Over time, victims begin to feel that what is happening to them is their own fault, and they even can develop Stockholm syndrome and start identifying with their abuser.

Protecting our kids

To protect our children, Baldwin says, these points must be addressed:

Educate the community. “This is not what it looked like in ‘Pretty Woman.’ It is something that is happening right before our eyes, but the public often doesn’t recognize it.” Visit Training and Resources United to Stop Trafficking at trustaz.org to learn the warning signs, such as: strange hotel keys, barcode tattoos, unexplained cash, defensiveness when recounting routine events, fear of social interactions and more. If you suspect sex trafficking, it’s crucial that you report it; a child’s life may be in danger.

Realize kids are victims. Law enforcement, judges and prosecutors need to recognize that youth prostituted on the street should be seen as victims, not juvenile delinquents.

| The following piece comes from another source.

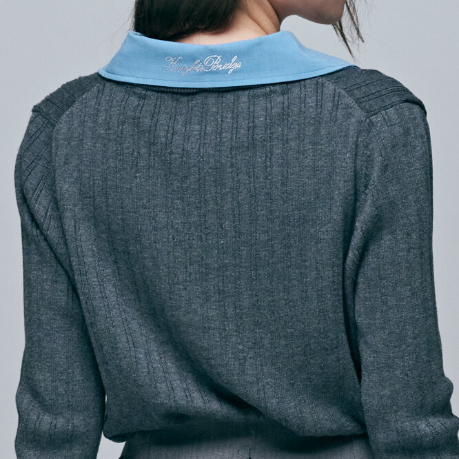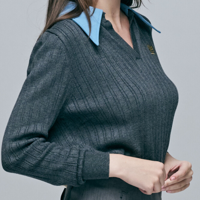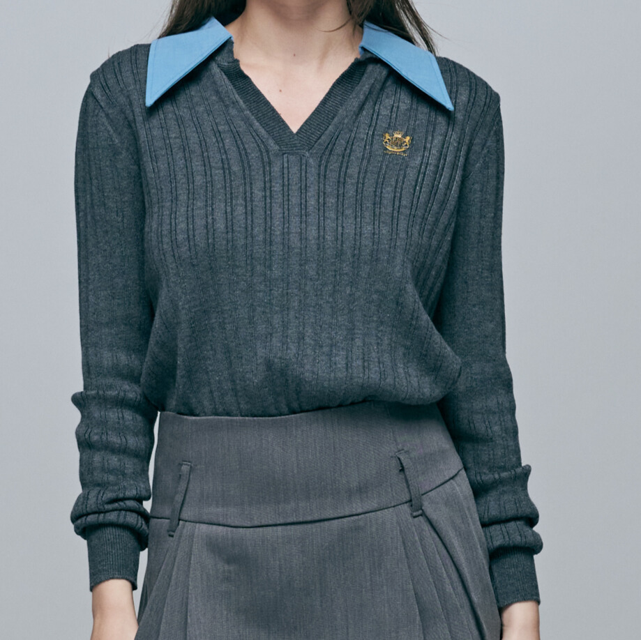 47%人造絲親膚細緻紗線 / 假兩件撞色襯衫領 / 顯瘦羅紋緹花組織 / 雙獅立體刺繡與後領鑽飾

Educate children. Teach children about the dangers that exist, especially online. Create an environment in which your child feels comfortable talking with you. Encourage your kids to let you know if they encounter an uncomfortable or potentially dangerous situation. Do this as early as possible, because sex traffickers are targeting ever-younger ages. Specific rules and guidelines need to be given to children regarding their computer and cellphone use.

Change attitudes. We must create awareness and stop glamorizing the sex trade. “It is truly ugly,” Baldwin says. “Men who solicit sex acts need to be prosecuted and shamed. This is not a victimless crime.”

SexTraffic-2November: National Runaway Prevention Month

From 1.6 million  to 2.8 million young people run away in a year. If they all lived in a single city, it would be the fifth largest city in the United States. One in three teens living on the street will be lured into prostitution within 48 hours of leaving home. To learn more,  visit trustaz.org and 1800runaway.org.

How can parents protect their kids?

• Know where your children are at all times. Sexual predators prey on children whose parents or guardians aren’t looking out for them.

• Know what your children are doing online and teach internet safety. Sex traffickers are masterful at deceiving kids online and often make initial contact with their victims on the internet.

• Teach them about sexual exploitation. Teach them to trust their instincts and what behaviors are inappropriate. Give them “what if?” scenarios and discuss how they would handle them.

• Know the warning signs. Visit trustaz.org for warning signs for different age groups and such resources as “How to talk to your kids about human trafficking.”

• Report human trafficking. If you believe you have information about a potential trafficking situation, call the confidential 24-hour National Human Trafficking Resource Center hotline at 1-888-373-7888.